Como é sabido, entre nós, a consagração constitucional do princípio da proporcionalidade não merece contestação, pelo menos desde 1982. Com efeito, a Constituição da República Portuguesa, desde a primeira revisão constitucional, consagra no seu artigo 2.º o Estado de direito democrático, sendo certo que o princípio da proporcionalidade se encontra ínsito nesse conceito político-jurídico, do qual constitui uma necessária decorrência.

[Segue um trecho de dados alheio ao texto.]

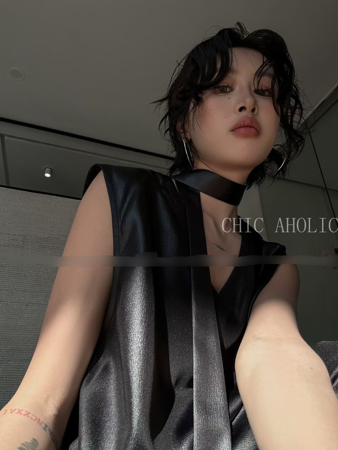 MEE07緞面亮亮繞脖無袖襯衫

O mesmo princípio da proporcionalidade aflora, aliás, em várias disposições constitucionais relevantes: o artigo 18.º, n.º 2, relativo às restrições aos direitos, liberdades e garantias; o artigo 19.º, n.º 4, impondo expressamente o respeito pelo princípio da proporcionalidade na opção pelo estado de sítio ou pelo estado de emergência, bem como nas respectivas declaração e execução; o artigo 19.º, n.º 8, no que concerne às providências a tomar pelas autoridades com vista ao restabelecimento da normalidade constitucional; o artigo 28.º, n.º 2, relativo à prisão preventiva; o artigo 30.º, n.º 5, prevendo as limitações a direitos fundamentais que decorram das exigências próprias da execução de penas ou medidas de segurança ou inerentes ao sentido da condenação; o artigo 266.º, n.º 2, que consagra expressamente a subordinação dos órgãos e agentes administrativos ao princípio da proporcionalidade; o artigo 270.º, relativo às restrições ao exercício de direitos dos militares e agentes militarizados, bem como dos agentes dos serviços e forças de segurança; e, por fim, o artigo 272.º, n.º 2, referente às medidas de polícia.

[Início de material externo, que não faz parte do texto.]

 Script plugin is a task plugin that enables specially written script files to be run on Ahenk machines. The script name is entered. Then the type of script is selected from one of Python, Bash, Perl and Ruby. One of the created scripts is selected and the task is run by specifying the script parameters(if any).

De resto, o Tribunal Constitucional tem sucessivamente reconhecido o valor constitucional do princípio da proporcionalidade (cf., entre muitos outros, o Acórdão 25/84, Acórdãos do Tribunal Constitucional, 2.º vol., p. 7, o Acórdão 85/85, Acórdãos do Tribunal Constitucional, 5.º vol., p. 245, o Acórdão 64/88, Acórdãos do Tribunal Constitucional, 11.º vol., p. 319, Acórdão 349/91, Acórdãos do Tribunal Constitucional, 19.º vol., p. 507, o Acórdão 363/91, Acórdãos do Tribunal Constitucional, 19.º vol., p. 79, o Acórdão 152/93, Acórdãos do Tribunal Constitucional, 24.º vol., p. 323, o Acórdão 634/93, Acórdãos do Tribunal Constitucional, 26.º vol., p. 205, o Acórdão 370/94, Diário da República, 2.ª série, de 7 de Setembro de 1994, o Acórdão 494/94, Diário da República, 2.ª série, de 17 de Dezembro de 1994, o Acórdão 59/95, Acórdãos do Tribunal Constitucional, 30.º vol., p. 79, o Acórdão 572/95, Acórdãos do Tribunal Constitucional, 32.º vol., p. 381, o Acórdão 758/95, Acórdãos do Tribunal Constitucional, 32.º vol., p. 803, o Acórdão 958/96, Acórdãos do Tribunal Constitucional, 34.º vol., p. 397, e o Acórdão 1182/96, Acórdãos do Tribunal Constitucional, 35.º vol., p. 447).

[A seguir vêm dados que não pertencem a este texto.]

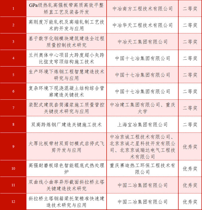 中国质量协会质量技术奖是我国质量技术领域的最高奖,于2005年正式设立,是国内质量技术领域第一个经国家科技部、国家科技奖励办公室批准设立的科学技术奖励,旨在促进我国质量技术进步,提高我国整体质量管理水平、创新能力和竞争能力,调动广大质量工作者的积极性和创造性。近年来,中国十七冶深入践行“五大核心要义”,把创新作为高质量发展的第一驱动力,依托“国家级企业技术中心”等研发平台,建立了“技术创新决策层、科研攻关核心层、工程建设实施层”的技术创新工作架构,形成了“专利工法化、工法标准化”的成果转化体系,并在2023年“国家企业技术中心”评价中位列全国建筑施工行业第2位。公司将持续以实际项目为依托,持续加大技术创新和成果应用力度,为促进建筑行业质量技术进步贡献智慧与力量。

Segundo Gomes Canotilho e Vital Moreira (Constituição da República Portuguesa Anotada, 3.ª ed., Coimbra, 19, p. 53), "o princípio da proporcionalidade (também chamado 'princípio da proibição do excesso') desdobra-se em três subprincípios: (a) princípio da adequação, isto é, as medidas restritivas legalmente previstas devem revelar-se como meio adequado para a prossecução dos fins visados pela lei (salvaguarda de outros direitos ou bens constitucionalmente protegidos); (b) princípio da exigibilidade, ou seja, as medidas restritivas previstas na lei devem revelar-se necessárias (tornaram-se exigíveis), porque os fins visados pela lei não podiam ser obtidos por outros meios menos onerosos para os direitos, liberdades e garantias); (c) princípio da proporcionalidade em sentido restrito, que significa que os meios legais restritivos e os fins obtidos devem situar-se numa 'justa medida', impedindo-se a adopção de medidas legais restritivas desproporcionadas, excessivas, em relação aos fins obtidos".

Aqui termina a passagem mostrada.